Weingarten, Gene. 1998. Tears for Audrey. Washington Post, July 19.
Chapter 41
Extraterrestrial Autopsy
It keeps going and going and.… The Roswell crashed-saucer myth was given renewed impetus by a controversial television program, “Alien Autopsy: Fact or Fiction?” that purported to depict the autopsy of a flying saucer occupant. The “documentary,” promoted by a British marketing agency that formerly handled Walt Disney products, was aired August 28 and September 4,1995, on the Fox television network. Skeptics, as well as many ufologists, quickly branded the film used in the program a hoax.
“The Roswell Incident,” as it is known, is described in several controversial books, including one of that title by Charles Berlitz and William L. Moore. Reportedly, in early July 1947, a flying saucer crashed on the ranch property of William Brazel near Roswell, New Mexico, and was
subsequently retrieved by the United States government (Berlitz and Moore 1980). Over the years, numerous rumors, urban legends, and out-right hoaxes have claimed that saucer wreckage and the remains of its humanoid occupants were stored at a secret facility—e.g., a (nonexistent) “Hangar 18” at Wright Patterson Air Force Base—and that the small corpses were autopsied at that or another site (Berlitz and Moore 1980; Stringfield 1977).
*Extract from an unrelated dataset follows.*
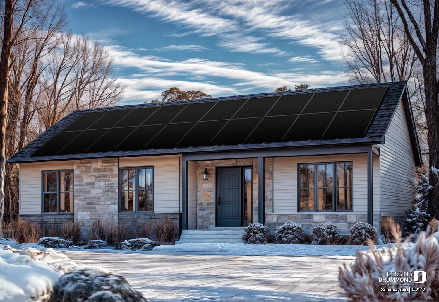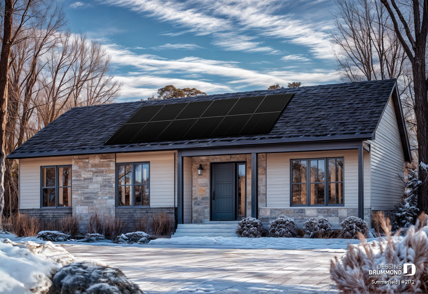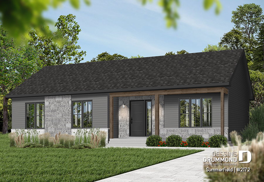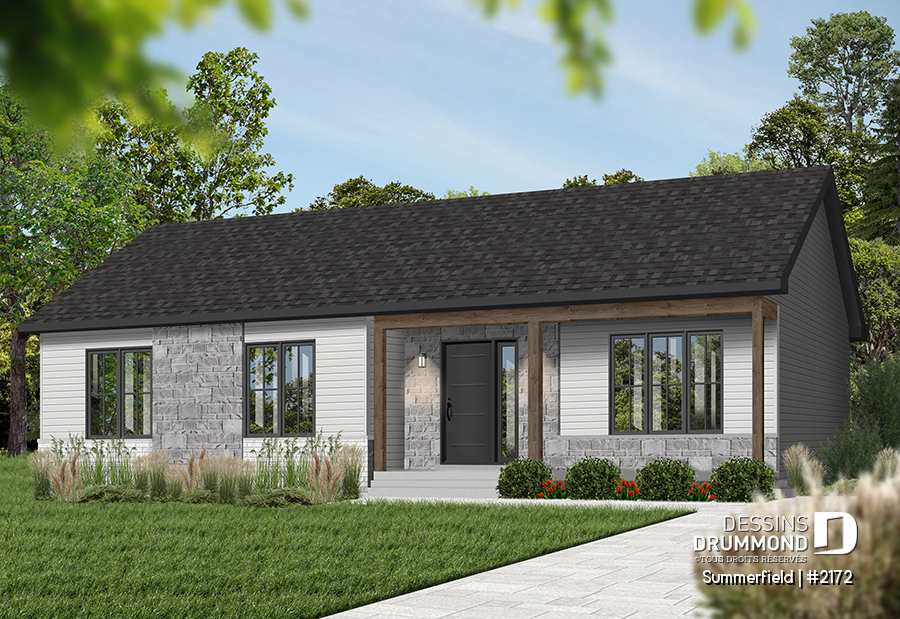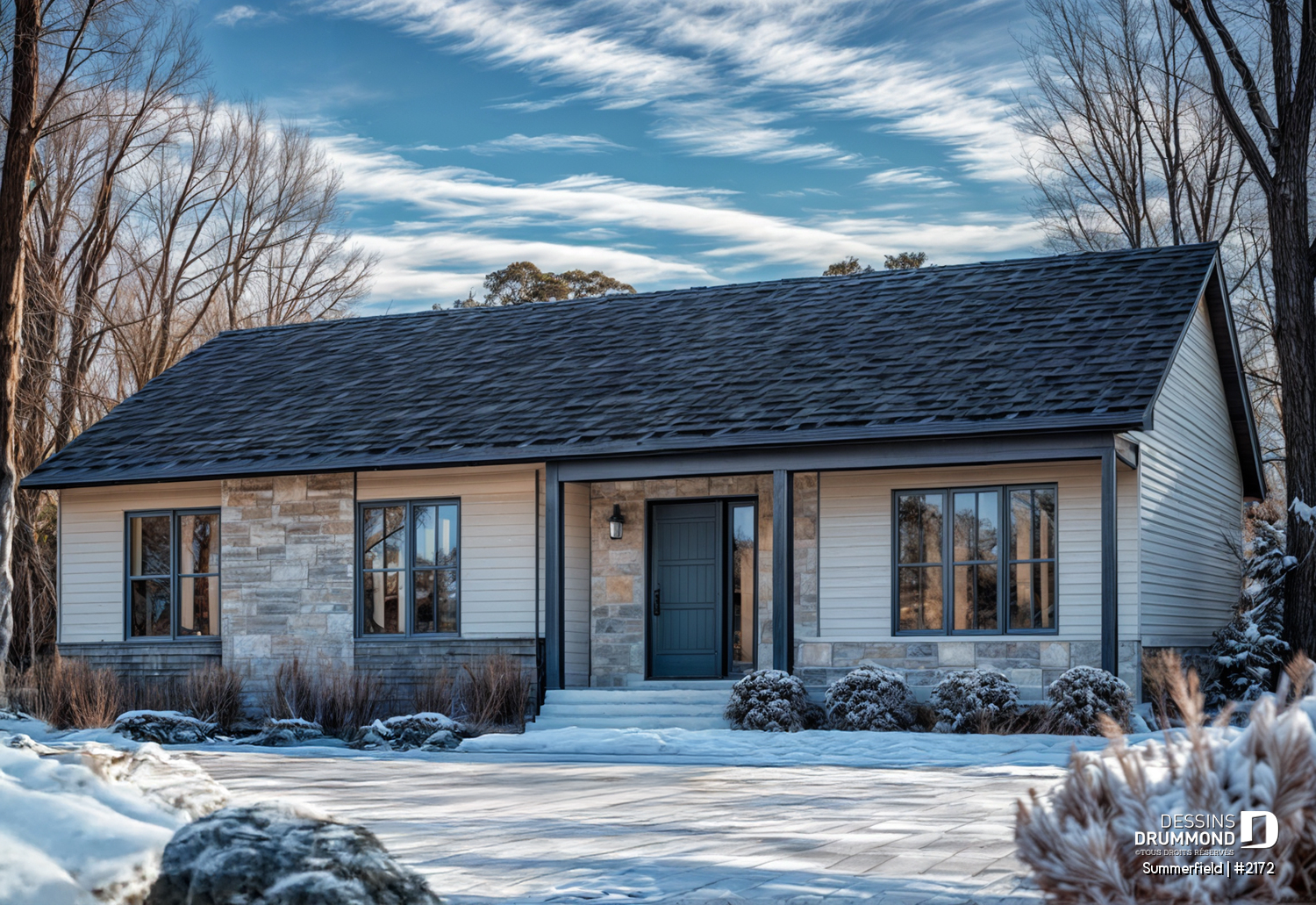 Ce plain-pied de style ranch séduit par son allure simple, chaleureuse et intemporelle. Sa façade élégante, rehaussée d’une touche de pierre naturelle et d’un choix de couleurs sobres, confère à cette maison un caractère à la fois rustique et raffiné. Son architecture compacte et bien proportionnée en fait un choix idéal pour les auto-constructeurs à la recherche d’un projet abordable, bien pensé et facile à réaliser.

UFO hoaxes, both directly and indirectly related to Roswell, have since proliferated. For example, a 1949 science fiction movie, The Flying Saucer; produced by Mikel Conrad, purported to contain scenes of a captured spacecraft; an actor hired by Conrad actually posed as an FBI agent and swore the claim was true. In 1950, writer Frank Scully reported in his book Behind the Flying Saucers that the United States government had in its possession no fewer than three Venusian spaceships, together with the bodies of their humanoid occupants. Scully, who was also a Variety magazine columnist, was fed the story by two confidence men who had hoped to sell a petroleum-locating device allegedly based on alien technology. Other crash-retrieval stories followed, as did various photographs of space aliens living and dead: one gruesome photo portrayed the pilot of a small plane, his aviator’s glasses still visible in the picture (Clark 1993). (For other Roswell hoaxes, see “The Roswell Legend” chapter in this book.)
Sooner or later, a Roswell “alien autopsy” film was bound to turn up. That predictability, together with a lack of established historical record for the bizarre film, is indicative of a hoax. So is the anonymity of the cameraman. But the strongest argument against authenticity stems from what really crashed at Roswell in 1947. According to recently released Air Force files, the wreckage actually came from a balloon-borne array of radar reflectors and monitoring equipment launched as part of the secret Project Mogul and intended to monitor acoustic emissions from anticipated Soviet nuclear tests. In fact, materials from the device match contemporary descriptions of the debris (foiled paper, sticks, and tape) given by rancher Brazel’s children and others (Berlitz and Moore 1980; Thomas 1995).